А спустя несколько недель в Демоне вовсю бушевало сомнение – а какая, собственно, разница, чем и как разбужена кровь дракона, если это идет на пользу стране? Все меньше он видел в исшахинах захватчиков изначальной власти и все больше – слуг божьих, делающих все возможное для сохранения единства страны.
Куда в итоге подевалась ненависть к исшахинам, Джантар так и не понял. Находиться каждый день со спокойным стариком было даже интересно. Ему доверяли и посвящали в немыслимое количество внутренних дел.
Рядом с исшахином, в тишине дворцовых кабинетов, он остро ощущал, что делает все правильно.
Да… все правильно.
Николь покинула спасительную темноту балкона и с ровной спиной встала недалеко от фонтана, чье журчание было совсем не слышно в феерии музыки, смеха и разговоров. На нее посматривали, но никто, слава богам, не подходил.

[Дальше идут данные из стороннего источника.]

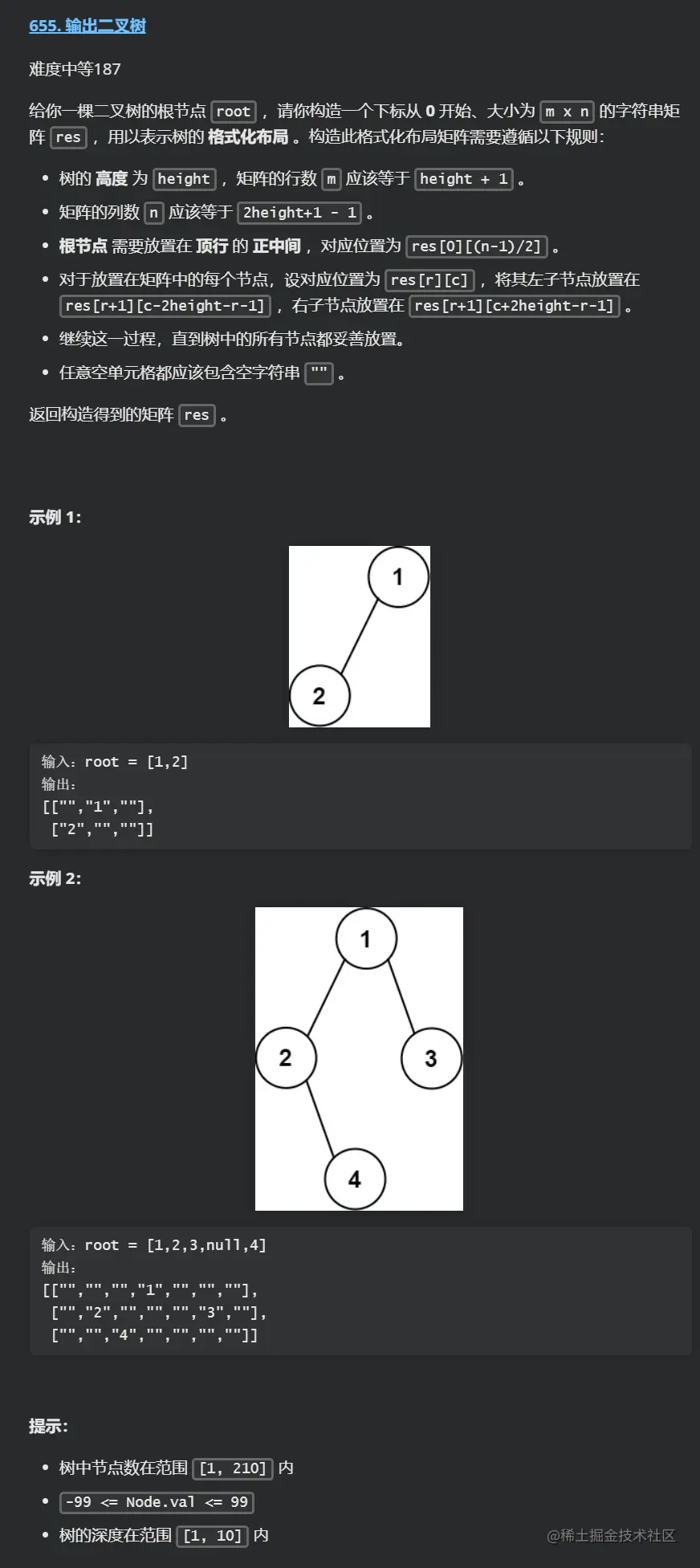 本次刷题日记的第 104 篇,力扣题为:655. 输出二叉树

Сейчас, когда страх перед огромной толпой чужих людей растворился в сладких напитках, а Джантар не оттягивал на себя ее внимание, мир вокруг стал проясняться и распадаться на отдельные внятные кусочки. И теперь она рассмотрела, что в начале зала на возвышении сидела Янлин, дочь императора – маленькая золотая птичка на алом троне в окружении пестрой стайки придворных. В центре зала кружились в бодром рисунке танца сверкающие пары с безразличными масками на лицах. У фуршетного стола столпились мужчины. Николь едва подавила смешок – птичник во всей красе. Надутые, расфуфыренные, с высокими сложными прическами, грудью вперед и локтями назад, они чуть ли не сталкивались в бестолковой борьбе.
Николь спрятала улыбку в бокале с янтарным сладким напитком: не им решать судьбу Янлин, и даже не самой маленькой золотой птичке. У сверкающей золотой клетки с переливчатой музыкой и сладкими напитками есть хозяева, и они, непременно сидящие где-то наверху, все решат за глупых и бестолковых птиц.

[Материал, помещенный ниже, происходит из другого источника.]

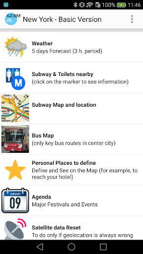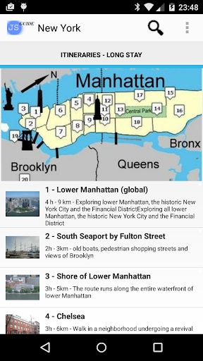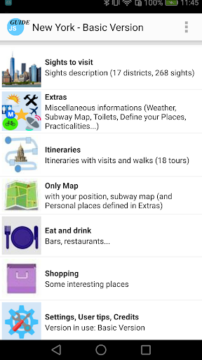 Guide of the city of New York, with an included self-oriented online or optional offline map and other tourist maps like WTC Memorial, Rockfeller Center, Columbia, Lincoln Center... The guide uses GPS location and compass to orient the map correctly. It offers 18 itineraries, describe 260 sights, and some practical aspects. It's a real tour guide to visit the city by yourself, with a focus on US history. You find many features, as exclusive maps or highlights for practical POIs (see screenshots). Texts are written only for this guide, with an historical perspective. There is no ads.
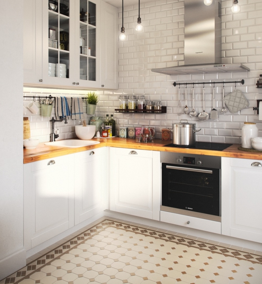 Vật liệu phổ biến nhất được sử dụng cho mục đích này là gạch gốm, và như nhiều bức ảnh đã chứng minh, nội thất của một căn bếp ở Khrushchev có thể trông rất ấn tượng với sự trợ giúp của nó.
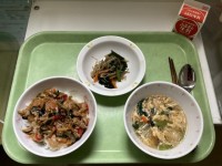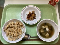【献立】高野豆腐のそぼろ丼牛乳けんちん汁大豆と小魚の甘辛揚げ【今日の給食室】大豆...

Пальцы Николь невольно крутили ножку бокала и отбивали ритм мелодии. В этом огромном фальшивом маскараде одна лишь музыка трогала ее душу. Все хорошо и совсем не страшно, скоро вернется Джантар, да и Талиса обещала найти способ проникнуть на бал. В этом сложносочиненном мире, как оказалось, женщины не имели права самостоятельно посещать столь официальные мероприятия. Только в сопровождении родственников или мужа. А Тахир, по словам Талисы, беспробудно пил где-то на окраинах города… Очевидно, из-за смерти Рималя.
Николь вытянула руку и поймала пальцами легкие брызги. Она только сейчас увидела, что даже фонтан был выполнен из красного мрамора в виде дракона с золотым гребнем. После рассказов Джантара в таком обилии образов дракона Николь теперь чудилась болезненная агония, словно страна пыталась всеми силами отвести чужой взгляд от вымирающего величия.
Недалеко от нее постепенно собралась стайка женщин, чьи разговоры становились все громче и громче. Николь не сразу осознала, что оскорбления, нарочито полные непристойных подробностей, касались ее лично. Она, боясь пошевелиться, с ужасом слушала гадкие слова, резко напомнившие ей, кто она на самом деле и чье тело занимает. Как она могла об этом позабыть? Почему так смело решила, что никто не вспомнит? А может, она старалась поскорее вычеркнуть этот факт из своей жизни, чтобы не задумываться о мотивах Джантара?